*** Opening of Supplied records ***

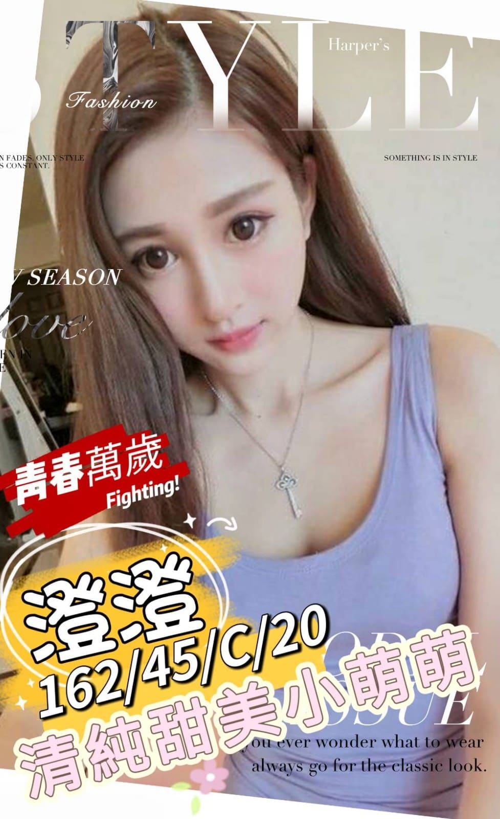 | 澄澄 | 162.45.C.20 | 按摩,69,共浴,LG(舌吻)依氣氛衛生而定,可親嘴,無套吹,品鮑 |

*** Close of Supplied records ***
*** Opening of Supplied records ***

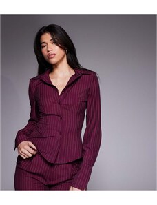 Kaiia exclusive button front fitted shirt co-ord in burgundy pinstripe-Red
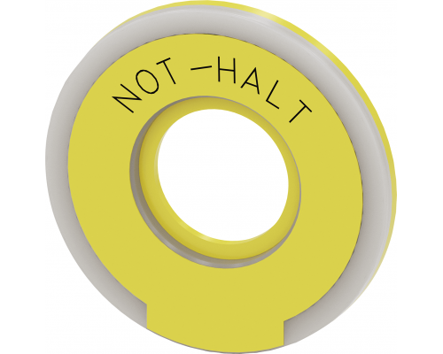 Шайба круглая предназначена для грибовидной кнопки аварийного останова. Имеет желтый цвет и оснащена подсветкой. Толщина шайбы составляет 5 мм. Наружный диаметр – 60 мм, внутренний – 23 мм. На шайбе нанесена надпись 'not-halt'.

*** Close of Supplied records ***
*** Opening of Supplied records ***

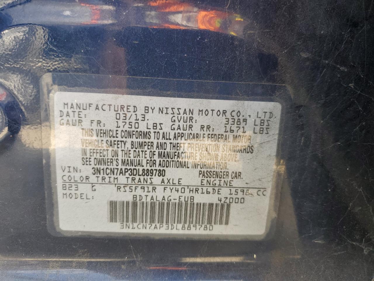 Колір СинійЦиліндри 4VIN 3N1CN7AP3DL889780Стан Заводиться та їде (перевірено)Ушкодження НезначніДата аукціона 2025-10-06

*** Close of Supplied records ***

#### What needs to be done:
Write out the lines above from the one with "Kaiia exclusive button" through the one with "Шайба круглая предназначена", ends included, exactly; no picture goes in.

#### Response below:
 Kaiia exclusive button front fitted shirt co-ord in burgundy pinstripe-Red
 Шайба круглая предназначена для грибовидной кнопки аварийного останова. Имеет желтый цвет и оснащена подсветкой. Толщина шайбы составляет 5 мм. Наружный диаметр – 60 мм, внутренний – 23 мм. На шайбе нанесена надпись 'not-halt'.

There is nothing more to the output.